Neither silence nor recorded cheering sounds too appealing, though.
But here’s some thinking out of the box. For the last few months, all the people in America have been using Zoom to attend parties, dinners, weddings and funerals. I’ve been to a few of those, and if everybody talks, Zoom just sends it out as it comes in. It’s a cacophony of sound by talking heads until people settle down.
Can you imagine what Zoom would do to a ballgame?

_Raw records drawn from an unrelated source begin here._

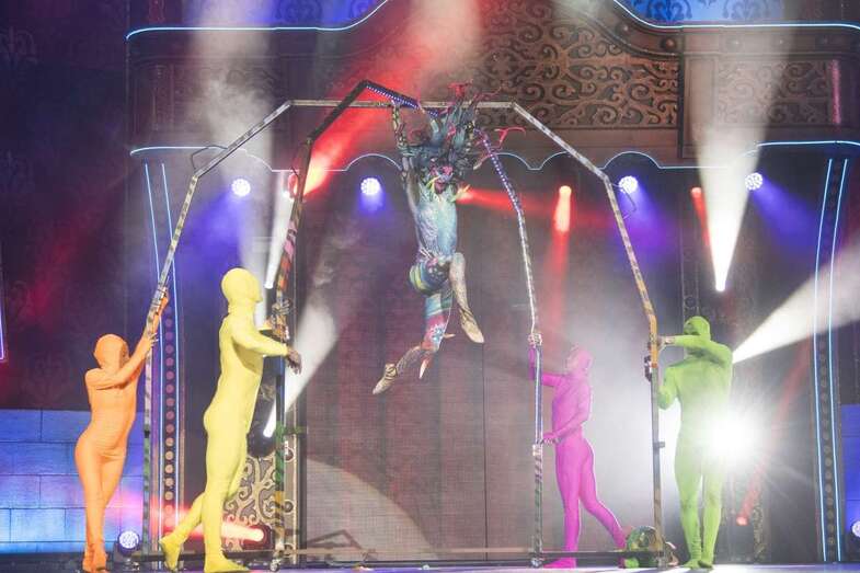 Fátima Plata y Paco Luis Quintana ejercieron de conductores en escena de un espectáculo impactante y muy aplaudido por el público que se desplazó hasta Santa Catalina.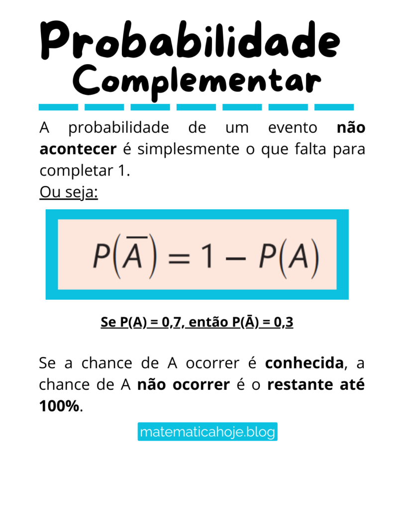 Probabilidade Complementar — Como Calcular o que Falta para 100% Em muitos problemas de probabilidade, é mais fácil descobrir a chance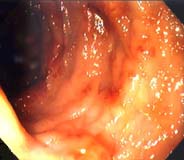Колоноскопия: слизистая оболочка подвздошной кишки в виде «булыжной мостовой», слизистая оболочка ободочной кишки представлена чередованием пораженных и непораженных зон (неравномерный отек чередуется с участками глубоких изъязвлений). Выраженная контактная кровоточивость.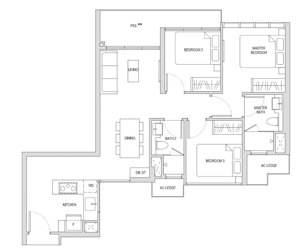 3 Bedroom (D) | 1076 - 1249 | 110 |

Somebody would hit a home run and all those little boxes of people in their living rooms would scream and cheer all at the same time—and this could be piped into the game and released as a roar of millions watching the game.
These millions of people cheering could also be broadcast over the loudspeakers at the empty stadiums themselves, to inspire the players.
Take it a step further and, using the Zoom settings, put the images of all those people in their homes into the empty stadium seats on TV. What a scene! Waving white handkerchiefs at the losers. Doing The Wave, cheering their hearts out, booing the umpires for bad calls.
This will work not only for baseball, of course, but also for football, basketball, hockey, Broadway, opera, concerts, political gatherings and everything else. And everybody is more than six feet away from everybody else, a lot more. How do I patent this idea?